> Problem statement
Exactly reproduce the line containing "Дивља градња се шири!" together with every line after it, through the end of the entries, and give nothing more.
━━━━━━━━━━━━━━━━
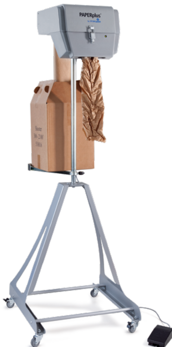
PAPERplus® Shooter model stojący
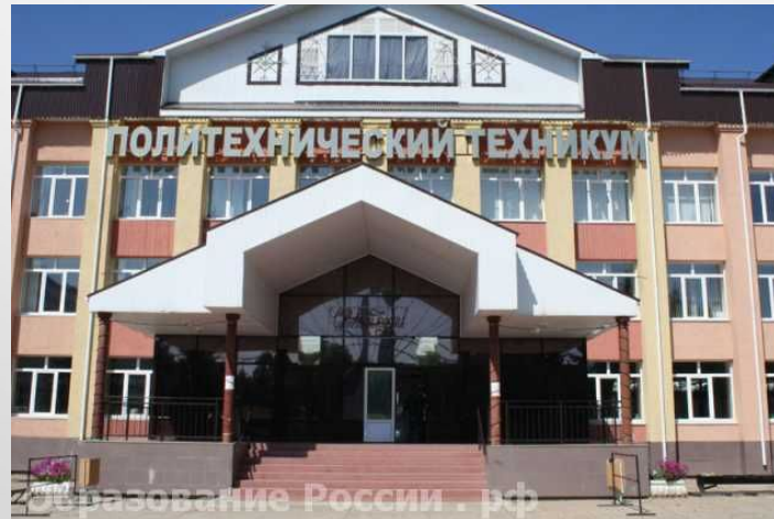
Алметьевский политехнический техникум
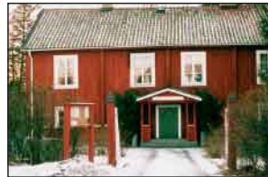
Sotholms härad var tingsäte redan på 1600-talet. Tingshuset i Västerhanninge är från 1700-t. Där fanns en krog. Tingshus-salen på övervåningen kom till ca 1820.

Ärende år 1775: Två pigor stämmer sin husbonde för att han beskyllt dem för "otrohet i tjänst och med hugg och slag överfallit dem".
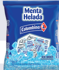
MENTA HELADA *18 PAQ. 100 UN
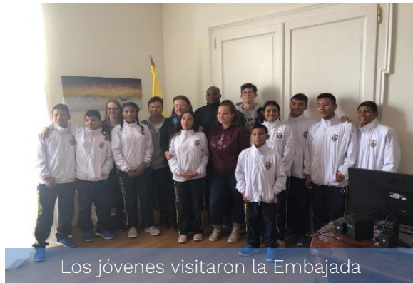
Los jóvenes visitaron la Embajada
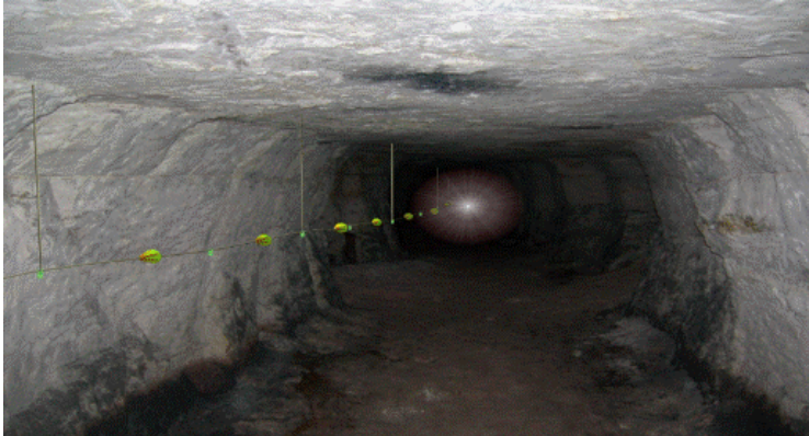
Şekil-1: Hayat hattı görünümü

18. (Ek:RG-10/3/2015-29291) (3) Yeraltı madenlerinde, hazırlık faaliyetlerinin yapıldığı alanlar ve üretim panoları gibi yeraltı maden işletmesinin bütün bölümlerini kapsayacak şekilde ve çalışanların yerüstüne çıkmalarını kolaylaştıran; yanmaya, kopmaya ve aşınmaya karşı dayanıklı bir hayat hattı kurulur (Şekil-1 ve Şekil-2). Bu hatlar acil durum planlarına uygun olarak yerleştirilir.
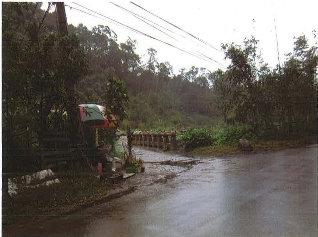
大湖段四小段 54、55、57、58 地號
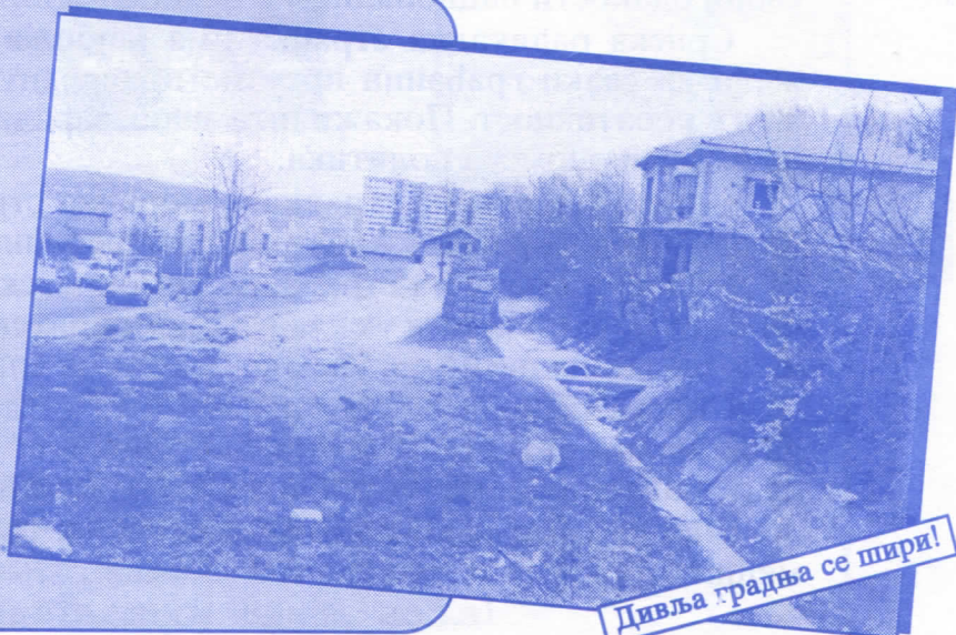
Дивља градња се шири!

Уредићемо водовод и канализацију Асфалтираћемо улице и поставићемо контејнере Завршићемо увођење нових телефонских прикључака
━━━━━━━━━━━━━━━━
> Task output
Дивља градња се шири!

Уредићемо водовод и канализацију Асфалтираћемо улице и поставићемо контејнере Завршићемо увођење нових телефонских прикључака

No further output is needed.